As a more preferable implementation mode, in the prior art, an operator guides the radio frequency catheter to perform radio frequency ablation based on the temperature detected by the temperature sensor 2, at present, early warning of the temperature is often judged by the operator, but feedback and display of the temperature sensor 2 are delayed, if the operator does not notice the change of the temperature of the esophagus during radio frequency ablation, the esophagus is easily damaged, as one implementation mode, the esophagus temperature monitoring system in the embodiment of the utility model further comprises the radio frequency catheter connected with the three-dimensional navigation system, wherein the temperature sensor 2 is electrically connected with the radio frequency catheter, when the temperature detected by the temperature sensor 2 is higher than a preset value, the radio frequency catheter stops working, the feedback time of the experience of the operator is reduced, the safety of radio frequency ablation of the radio frequency catheter is ensured, and the occurrence rate of complications is reduced.

The previous description of the disclosed embodiments is provided to enable any person skilled in the art to make or use the present utility model. Various modifications to these embodiments will be readily apparent to those skilled in the art, and the generic principles defined herein may be applied to other embodiments without departing from the spirit or scope of the utility model. Thus, the present utility model is not intended to be limited to the embodiments shown herein but is to be accorded the widest scope consistent with the principles and novel features disclosed herein.

Claims (10)

1. A probe for esophageal temperature monitoring, comprising:

a catheter (1), the front end of the catheter (1) being capable of being placed in the esophagus of a patient;

a temperature sensor (2) fixedly arranged in the front end of the catheter (1) and used for measuring the temperature of the esophagus of a patient;

a position sensor (3) fixedly arranged in the front end of the catheter (1).

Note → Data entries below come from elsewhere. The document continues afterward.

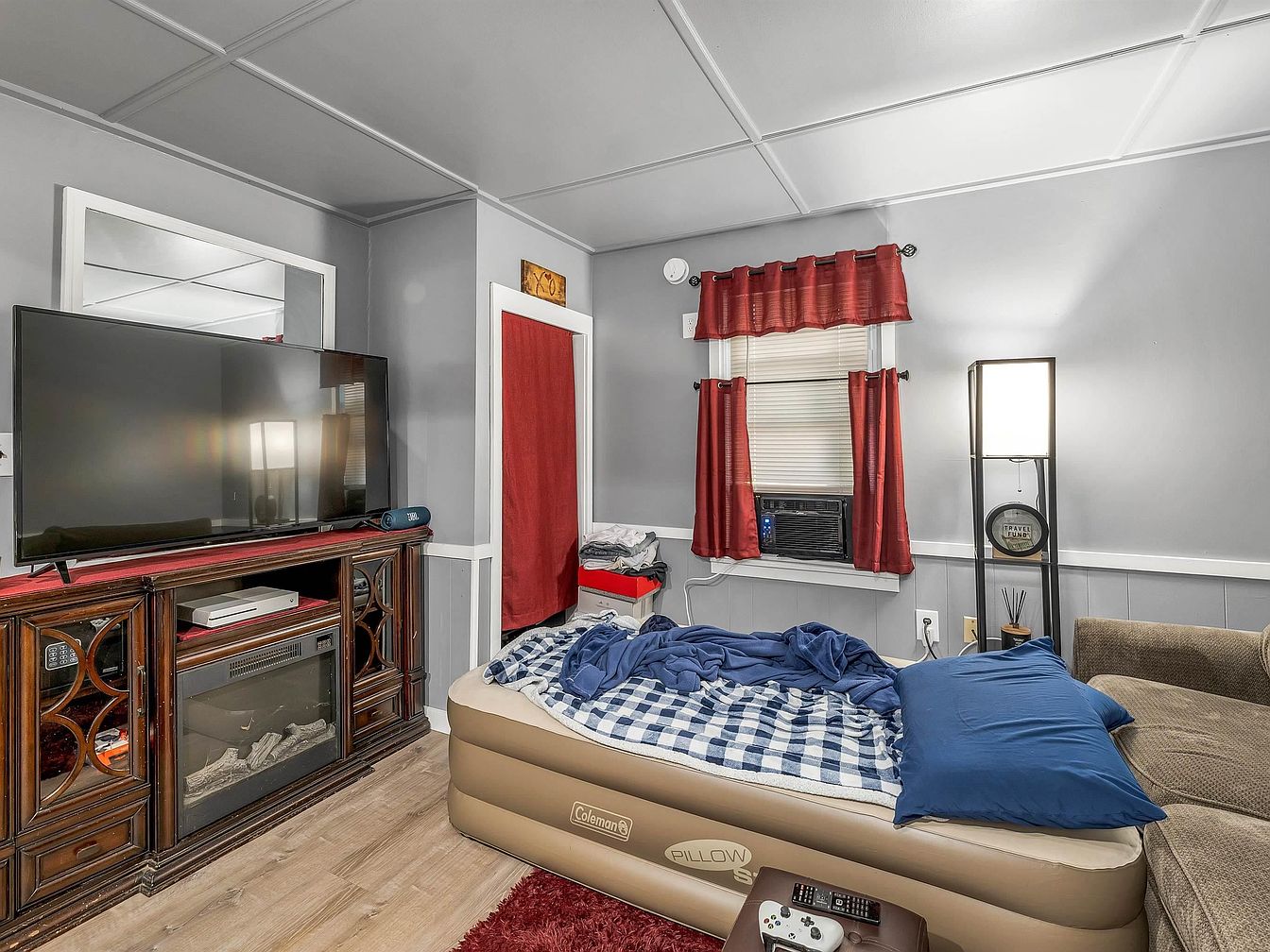This cozy guest bedroom features a multifunctional space designed for comfort and relaxation. The walls are painted a soft gray, complemented by vibrant red curtains framing a small window, allowing natural light to filter through. An air conditioning unit peeks through the window for added comfort. A traditional wooden entertainment unit houses a large flat-screen TV, with decorative glass accents reflecting a vintage charm. The inflatable mattress is unmade with a blue checked blanket and layered pillows, enhancing the casual ambiance. A plush sofa sits on one side, along with a sleek floor lamp illuminating the room with a warm glow.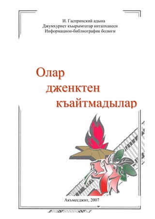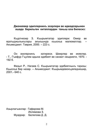 Документ посвящен жизни и творчеству крымскотатарских писателей, участвовавших во Второй мировой войне. Он описывает их наследие, включающее поэзию и литературу, а также подвиги и самопожертвование ради свободы родины. В частности, рассказывается о таких фигурах, как Ыргъат Къадыров и Амди Алим, чье творчество и заслуги оставили заметный след в крымскотатарской литературе.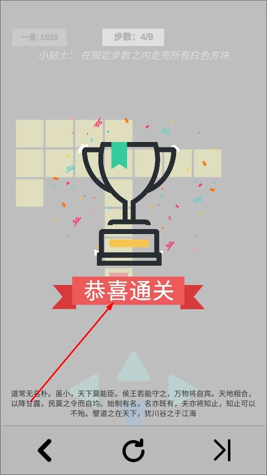 3、成功走完所有白色方块,达成步数要求,即可触发恭喜通关,解锁新关卡,延续营救冒险。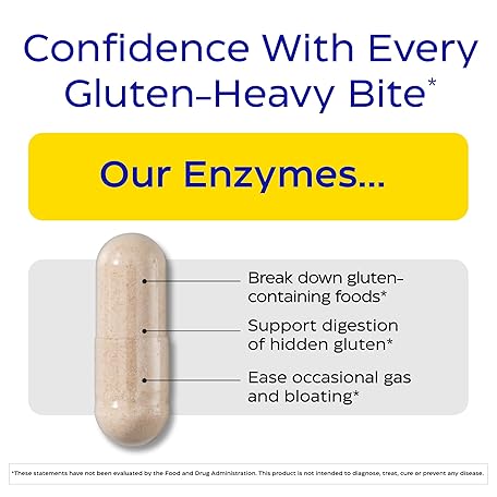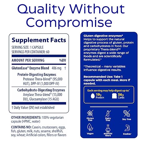 Thông tin sản phẩm Enzymedica GlutenEase, Advanced Digestive Enzymes for Women and Men, Fast-Acting Formula for Bloating Relief & Digestive Health, Helps Break Down Gluten & Casein, 60 Capsules FFP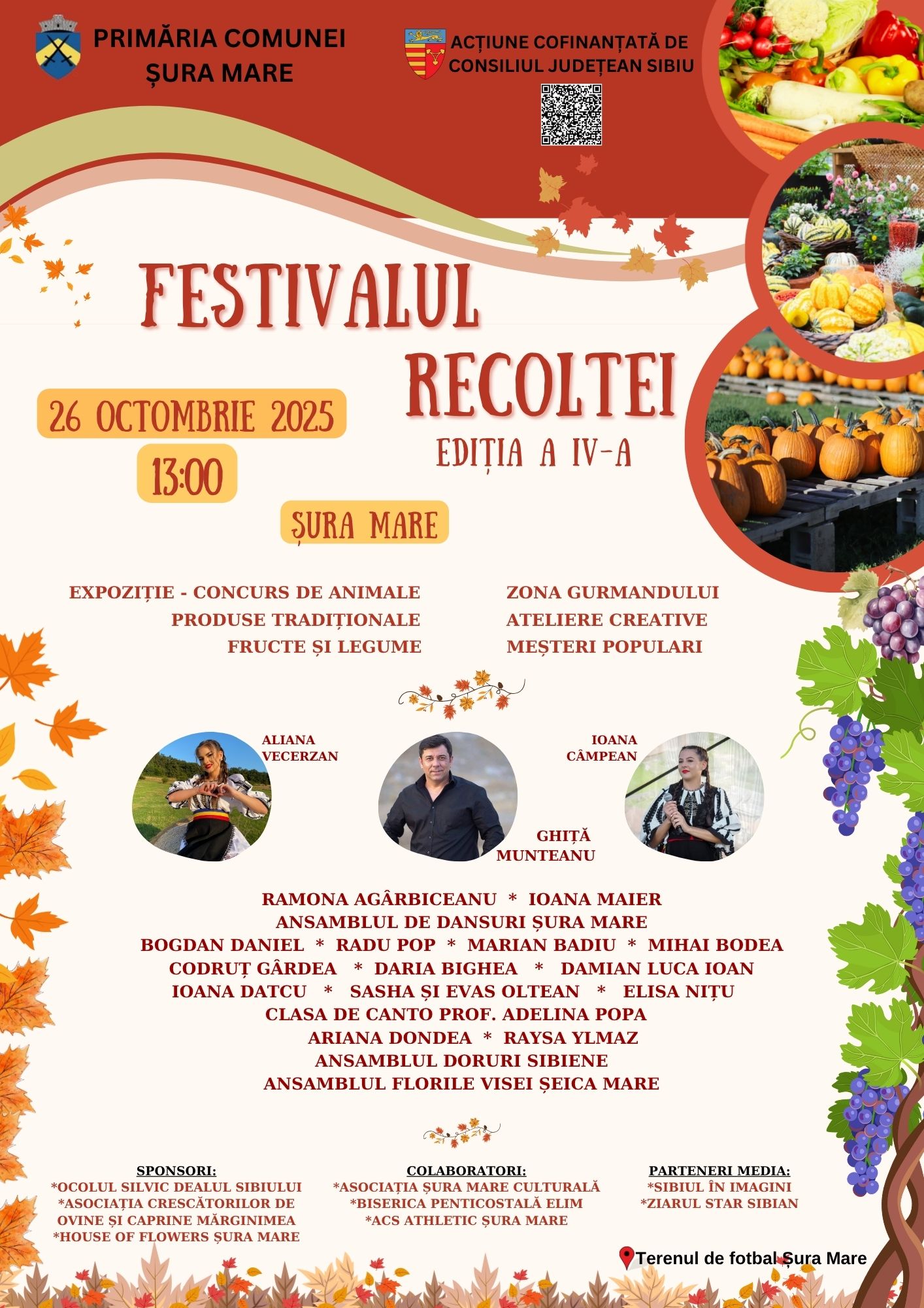 Festivalului Recoltei din Șura Mare are loc duminică, 26 octombrie, începând cu ora 13.00. Printre invitați se numără cântăreții Ghiță Munteanu și Aliana Vecerzan.

2. The probe for esophageal temperature monitoring of claim 1, wherein the probe comprises a probe body,

the temperature sensors (2) are at least three, and the temperature sensors (2) are uniformly arranged at intervals around the circumference of the central line of the catheter (1).

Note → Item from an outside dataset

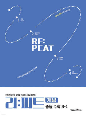리피트 개념 중등 수학 3-1 2027년 반복 학습으로 실력을 완성하는 개념 기본서 2022 개정 교육과정 반영 답지 입니다.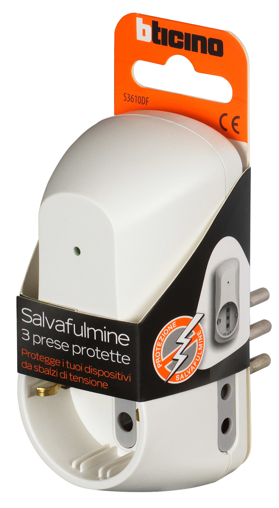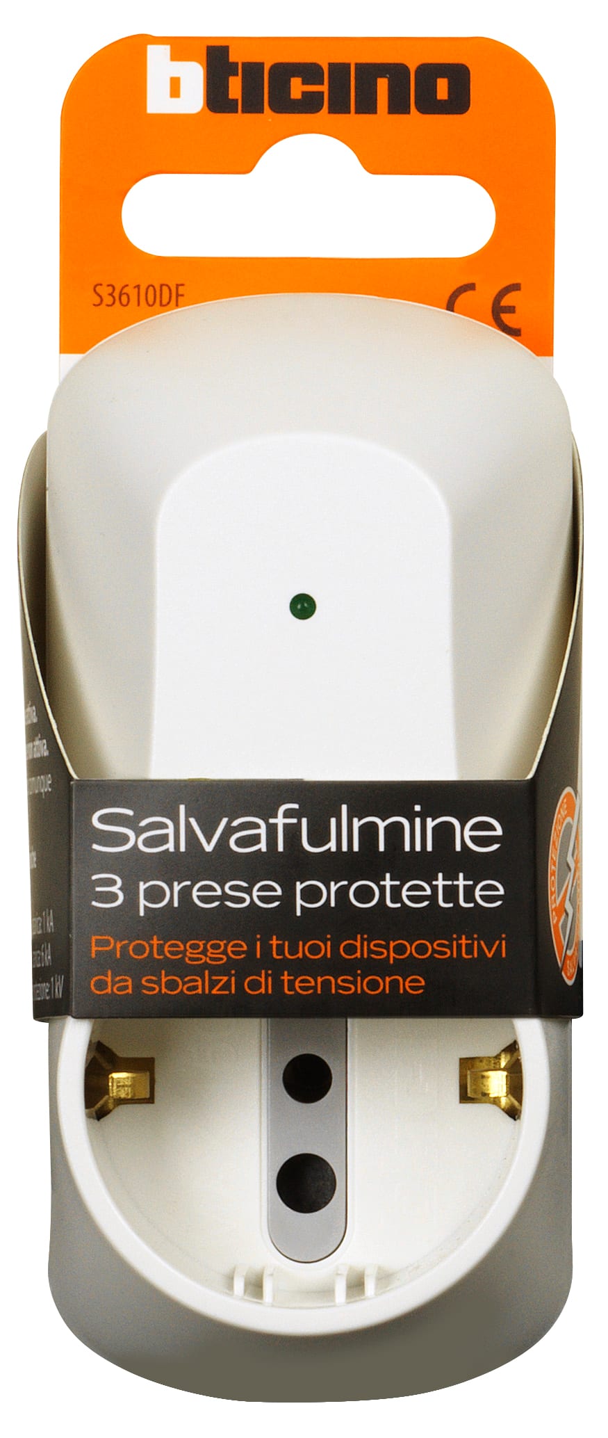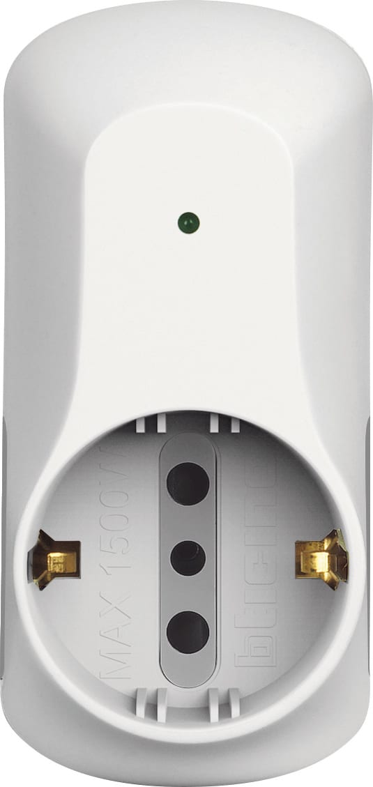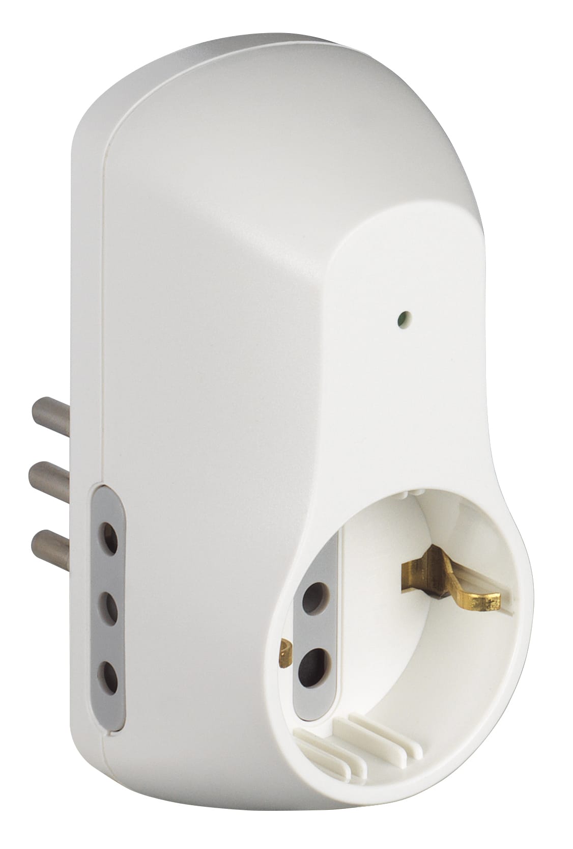 Adattatore con spina 10A, 2 prese 10A + 1 presa P30 250V (alveoli protetti), potenza massima prelevata 1500W, di colore bianco - con dispositivo salvafulmine

3. The probe for esophageal temperature monitoring of claim 2, wherein the probe comprises a probe body,

the position sensor (3) is provided with one, and the position sensor (3) is coaxially arranged with the central line of the catheter (1).

4. The probe for esophageal temperature monitoring of claim 2, wherein the probe comprises a probe body,

the position sensors (3) are at least two, and the position sensors (3) are uniformly arranged at intervals around the circumference of the central line of the catheter (1).

5. The probe for esophageal temperature monitoring of claim 1, wherein the probe comprises a probe body,

at least two temperature sensors (2) are arranged, and the temperature sensors (2) are uniformly arranged at intervals along the length direction of the central line of the catheter (1).

6. The probe for esophageal temperature monitoring of claim 1, wherein the probe comprises a probe body,

the position sensor (3) is particularly spiral, and the position sensor (3) is sleeved on the outer side of the temperature sensor (2).

7. The probe for esophageal temperature monitoring as claimed in any of claims 1-6, wherein,

the position sensor (3) is in particular a magnetic positioning sensor.

8. The probe for esophageal temperature monitoring as claimed in any of claims 1-6, wherein,

the conduit (1) is made of an acid corrosion resistant high molecular polymer material.

9. The probe for esophageal temperature monitoring as claimed in any of claims 1-6, wherein,

further comprises:

and the plug (4) is arranged at the rear end of the catheter (1) and is used for being matched with a three-dimensional navigation system.

10. An oesophageal temperature monitoring system comprising a three dimensional navigation system, a radio frequency catheter and a probe for oesophageal temperature monitoring as claimed in any one of claims 1 to 9;

wherein the probe is electrically connected with the radio frequency catheter.